This research finding caught my attention the other day and I exclaimed, “ha”. It said “more than 60 per cent of lonely people are married.


The researchers explain that when married couples no longer share their deepest feelings, thoughts, and experiences with one another it can leave them feeling disconnected and alone.

In Nigerian polygamous marriages and in those where the men seem to be licensed to engage in extra-marital affairs, the lonely population could be higher.

According to Wikipedia, loneliness is a complex and usually unpleasant emotional response to isolation or lack of companionship. Loneliness typically includes anxious feelings about a lack of connectedness with other beings, both in the present and extending into the future. It can be felt even when surrounded by other people.


The causes of loneliness are varied and include social, mental or emotional factors. Research has shown that loneliness is widely prevalent throughout society among people in marriages, relationships, families, veterans and successful careers.

Pastor E. A. Adeboye

Pastor E. A. Adeboye, General Overseer of the Redeemed Christian Church of God, describes loneliness in marriage as the worst kind of loneliness. Hear him: “There are some people who are even married but are lonely. That is the worst kind of loneliness because at least, if you are single and you get home and there is nobody there, you will understand why you are lonely and say “Well, Jesus, you are my partner.”


But when you are married and both of you live like total strangers, it is a very bad feeling. Whenever there’s a guest, both of you come out smiling, making everyone believe all is well, but the moment the visitor leaves, the cold war continues.” 

How Marriages Become Lonely

“Sometimes marriages fall into an autopilot pattern,” explains Dr.

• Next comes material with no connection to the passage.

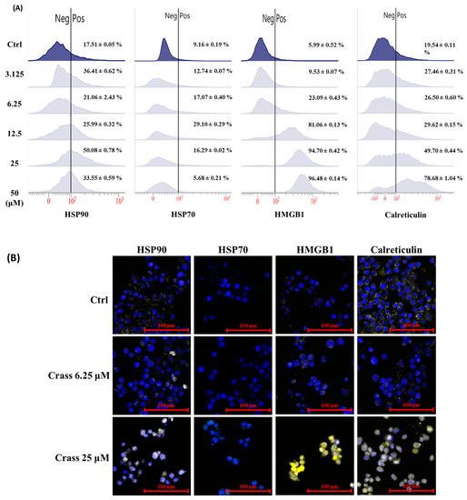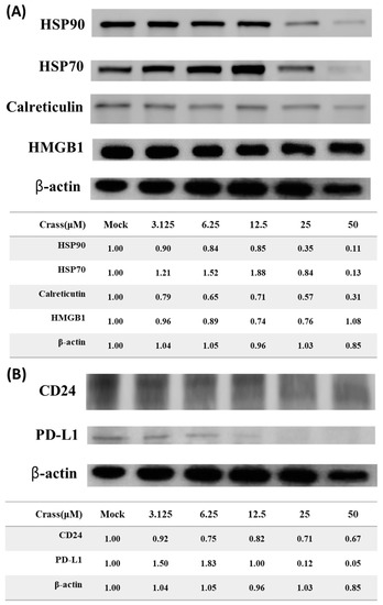 The 4T1-luc2 tumor cells were treated with crassolide (50 to 3.125 µM) for 24 h. Aliquots of 1 × 106 4T1-luc2 tumor cells were harvested, washed with PBS, and stained with PE anti-HSP90 antibody (LSBio, LS-63265), Alexa Fluor 488 anti-Hsp70 antibody (BioLegend, #648004), PE anti-HMGB1 antibody (BioLegend, #651404), PE anti-calreticulin (Cell signaling, #62304), APC anti-PD-L1 (BioLegend, #124312), Alexa Fluor 488 anti-CD24 (BioLegend, #101816) in 0.5% bovine serum albumin (BSA, Bionovas) in PBS, and then analyzed using flow cytometry (BD FACSVerse, San Jose, CA, USA).

Wendy Walsh, relationship expert. “Partners no longer court each other or exchange the care that they did in the early days and they become more concerned with selfish interests.”

Other times, one partner in the marriage may be unhappy but unable to communicate that effectively, which can lead to feelings of loneliness too, she said. Spouses who are also parents face an even greater risk of feelings of isolation or abandonment, especially when one parent is playing a role (worker or home keeper) that makes him or her unhappy.


Walsh explains: “When children arrive, sometimes couples fall into traditional gender roles or battle about gender roles for the first time.”One may feel a need to work more outside the home to provide for the family, another may feel a need to nurture more. This is definitely a time when the battle lines can be drawn. Children put a lot of stress onto a marriage.”

Health implications

Research has shown that loneliness can impact stress and heart health. But these are not the only areas in which loneliness takes its toll. “Lonely adults consume more alcohol and get less exercise than those who are not lonely,” explained John Cacioppo, an expert. “Their diet is higher in fat, their sleep is less efficient, and they report more daytime fatigue. Loneliness also causes premature aging and impairs willpower.”

Mental health

Loneliness has been linked with depression and substance abuse in adults. People who are socially isolated may report poor sleep quality, and thus have diminished restorative processes. Loneliness may also cause one to see the world differently and experience social alienation, described as the self in exile.


Physical health

Chronic loneliness can be a serious, life-threatening health condition. It has been found to be associated with an increased risk of stroke and cardiovascular disease. Over time, people who are chronically lonely have a much higher incidence of cardiovascular disease because their bodies are under constant and unrelenting stress.

Generally, loneliness shows an increased incidence of high anxiety blood pressure, high cholesterol, and obesity.

Other surprising facts

Other surprising facts about loneliness as compiled by another expert, Dr. Guy Winch, include the following:


Loneliness suppresses the functioning of our immune system: Loneliness causes our immune systems to function less efficiently, which over time, puts us at increased risk for developing all kinds of illnesses and diseases.

Loneliness distorts our perceptions of our relationships: Studies have found that merely asking people to recall times they felt lonely was sufficient to make them devalue their relationships. These perceptual distortions often cause lonely people to withdraw even further from the very people who could alleviate their loneliness. Making matters worse, their friends might be hesitant to connect as well.

Loneliness actually makes us feel colder: Studies found that recalling a time in which we felt lonely made participants estimate the room temperature as being significant colder. It even made their actual skin temperature drop. 

Loneliness is contagious in social networks: Loneliness has a clear stigma. We tend to be able to spot and identify the lonely people around us. One study found that over a six-month period, lonely people were pushed to the periphery of social networks and surprisingly, so were their friends. 

Winch concludes that loneliness represents a hugely important psychological injury and not one we should ignore.